## REQUIRED ACTION:
From the line containing "The contents1) The" to the final line of the material below, return every line exactly. Do not include pictures.

## SOURCE MATERIAL:
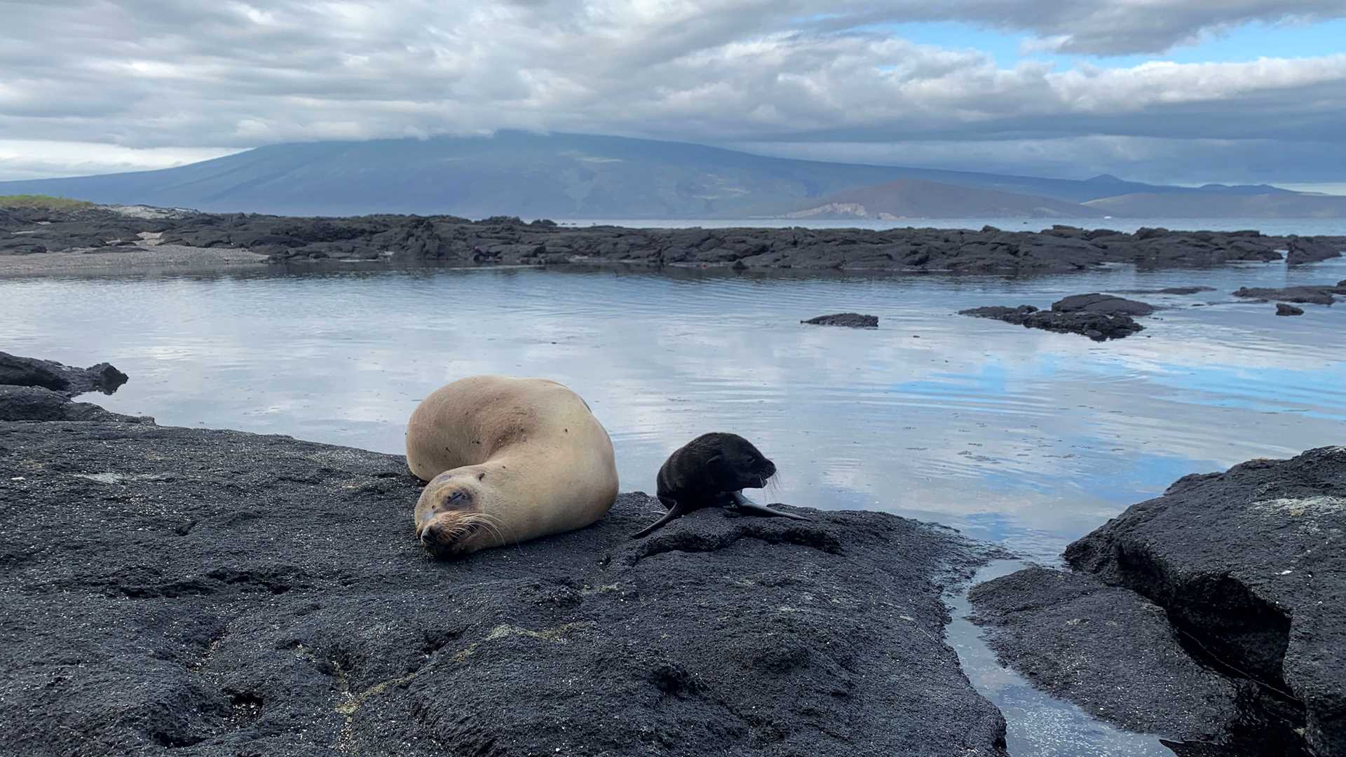 In the afternoon, we reached Fernandina Island, the youngest of all. Here we disembarked for an exploration walk. From the moment we landed until the end, we were surrounded by marine iguanas! This island happens to be a paradise for marine iguanas. But not only for these creatures! We also spotted red crabs decorating the black lava rocks. The best sightings were the newborn sea lions! This is the beginning of the breeding season. From now on, there will be baby sea lions all over the beaches of the Galapagos!
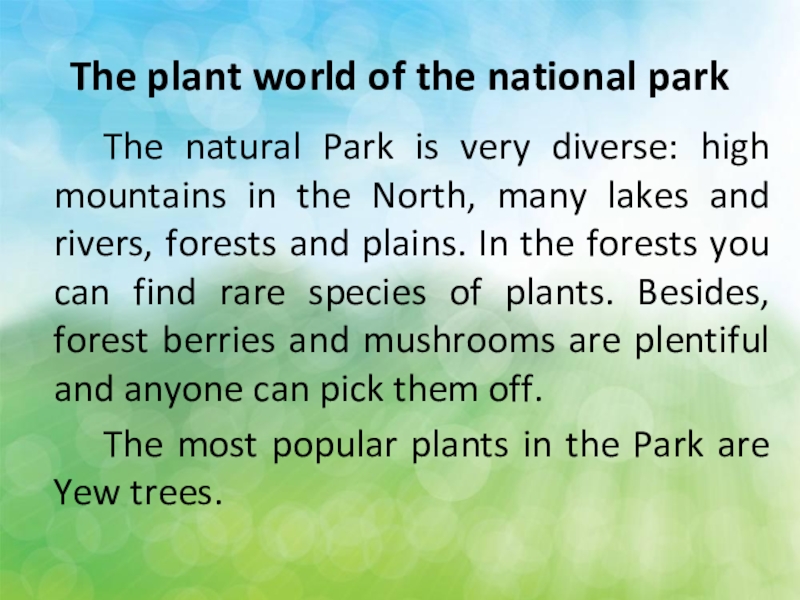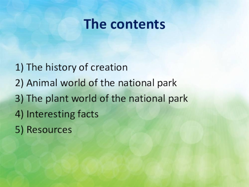 The contents1) The history of creation2) Animal world of the national park3) The plant world of the national park4) Interesting facts5) Resources
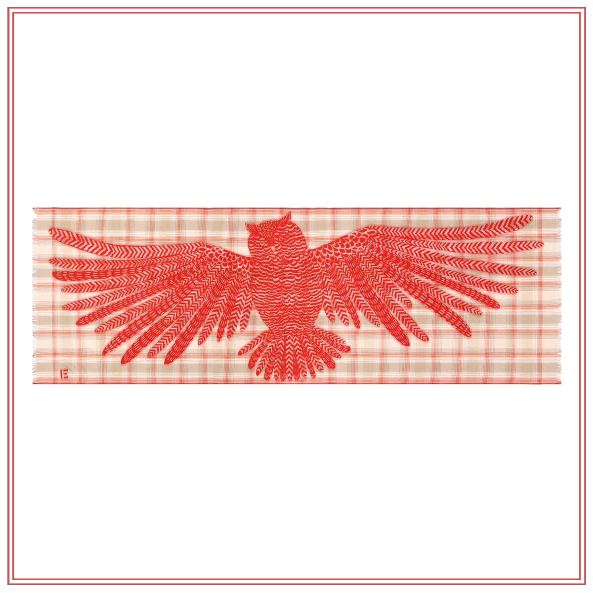ブリティッシュテイストのチェック柄ストールに、羽を広げ雄大に舞うフクロウを繊細に刺繍したストーリーを感じるデザイン。そのまま羽織れば、幸運までもやさしく包み込んでくれそう。

## TASK ANSWER:
 The contents1) The history of creation2) Animal world of the national park3) The plant world of the national park4) Interesting facts5) Resources
ブリティッシュテイストのチェック柄ストールに、羽を広げ雄大に舞うフクロウを繊細に刺繍したストーリーを感じるデザイン。そのまま羽織れば、幸運までもやさしく包み込んでくれそう。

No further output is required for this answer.